Thankfully he didn’t and it took him very little time (seconds of getting out of the car) for him to do the business with Chip. I haven’t actually seen him do it with Cupcake but I am sure he has. He is staying here now until about a month before they are due. Then he will go back to my friends goats for more loving. What a life. Imagine what the drivers behind us must have thought with a goat staring out at them.

Lambing is officially over. It dragged on for ages in the end. We would say it was over, then surprise births kept happening.

All the pet lambs are in the field now apart from two who are small and who, we are hopefully keeping. The children have called them Tommy and Beady. They do have really sweet little faces.

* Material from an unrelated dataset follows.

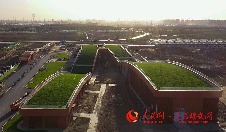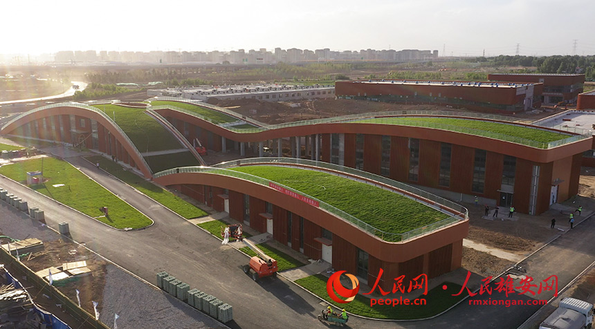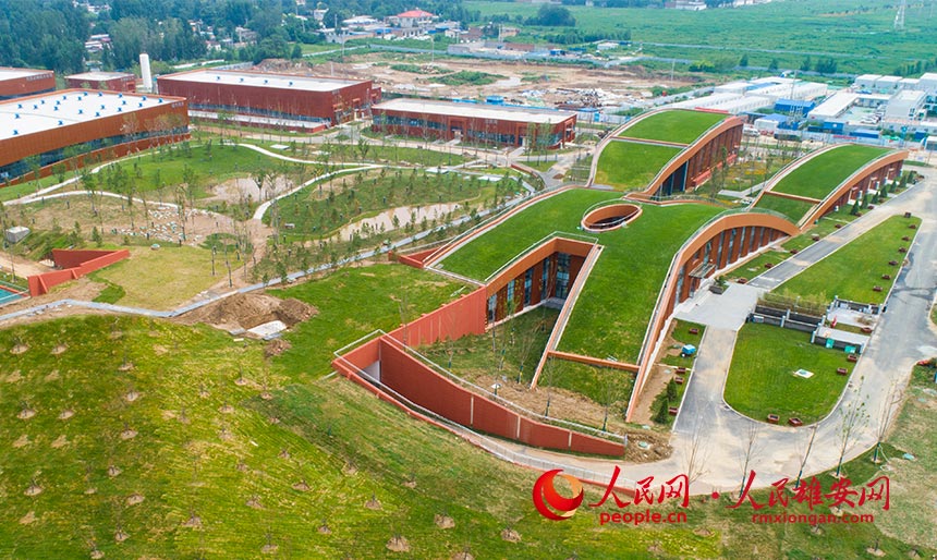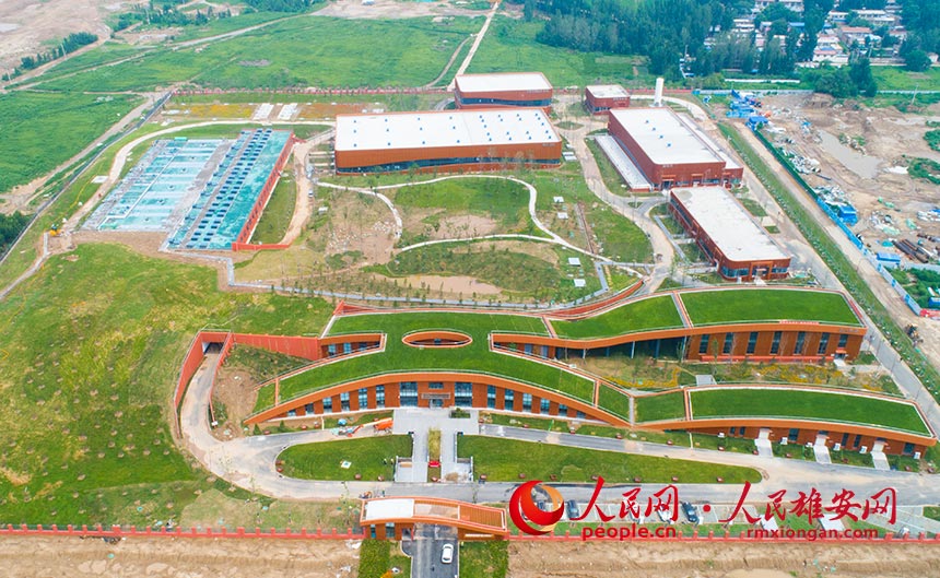 雄安新區起步區1#供水廠綜合樓采用頂部覆土形式將水廠與周邊環境融為一體。人民雄安網 宋燁文攝

Then we had the rams sheared because some of them were looking extremely wooly and uncomfortable. We usually wait and have the whole flock done but at least they are happier now and it gave us a little teaser for sheep shearing day in a month or so.


Field work is also upon us. First cut has been mowed and wrapped in one field for haylage and the farmer is constantly stalking weather apps to find out how dry it is going to be to mow more.

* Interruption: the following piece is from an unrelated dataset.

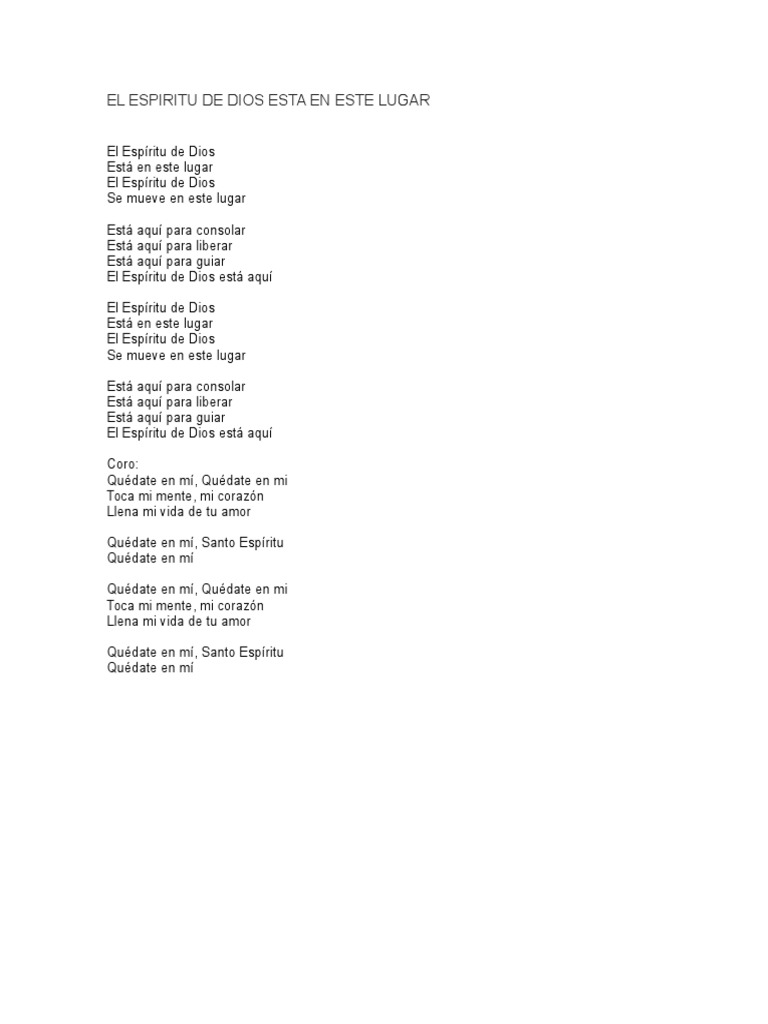 El Espiritu De Dios Esta En Este Lugar Lyrics / These lyrics are waiting for review.
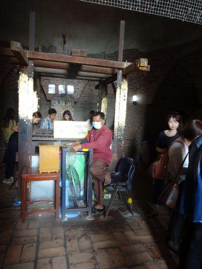 登りきって仏塔の内部に入ると、中で金箔を売っています。

The chicken shed has expanded a lot. I re-homed ten ex-commercial hens and I bought my last chicks of the season.

The ex battery hens were in a sorry old state but they are laying eggs, acting like the bouncers of the hen coop and generally loving life at the farm.

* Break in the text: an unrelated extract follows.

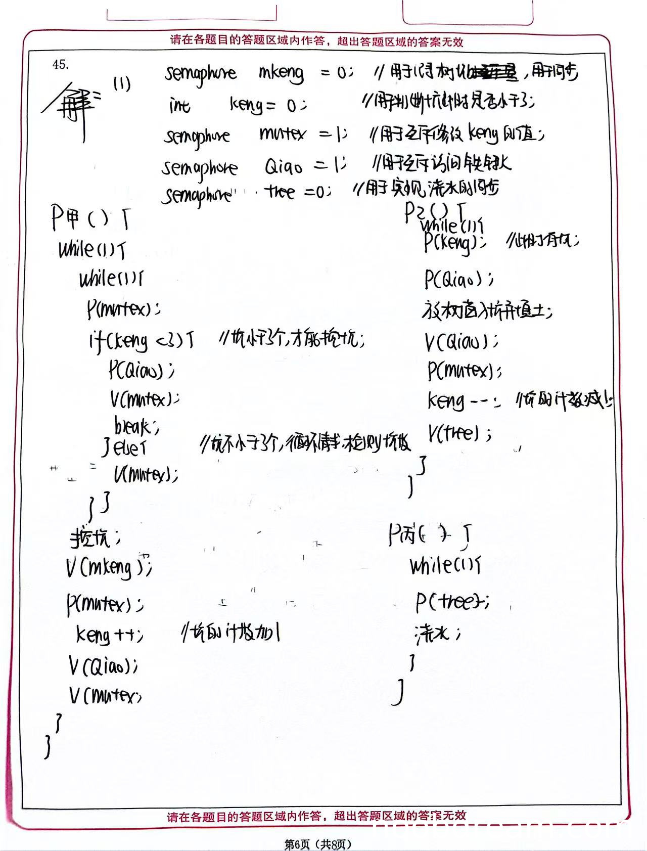 - 在甲进程中,使用while循环和if条件判断keng<3来实现"树坑数量小于3时才可以挖坑"的要求,这种方法虽然功能上可以实现,但效率较低(忙等待),且不符合题目要求使用信号量进行同步的意图。标准答案使用sk信号量直接控制可挖坑数量更为合理。

All of the young hens are now in the main coop after my moaning succeeded and it was moved into the field. There are just five in a little run inside the coop for a week or so to ensure they know where to go back in at night and they are a bit bigger to survive with the clucking bouncers.

The most funny thing (it could only happen to me) is that we have ended up with a cockerel. The chicks I bought were sex-linked so they are bred so that the female chicks are yellow and the male ones are white. I mustn’t have had my eye on the ball because a boy came home with us. He is staying because we don’t have a cockerel. I didn’t really want one but I suppose fate decided for us.

We took some ewes to market and amazingly we got more for them than we have for some lambs. It was the beginning of the Muslim month of Ramadan so we are putting down to that. We do try to keep one eye on the religious festivals but sometimes animals aren’t quite ready. We must have just been lucky.

The last bit of news which is very exciting is that the ducks are sitting on eggs. There are very conscientious and only come out for food. I do think the females are a little old so whether the eggs are fertile os anyone’s guess but at least they are getting the opportunity to do something natural and we have all got our fingers crossed for ducklings.

I can’t believe all of this happened in just one month. I always say no two days are the same at the farm but this month was defiantly a busy one.
I just hope this time next month I am writing about ducklings.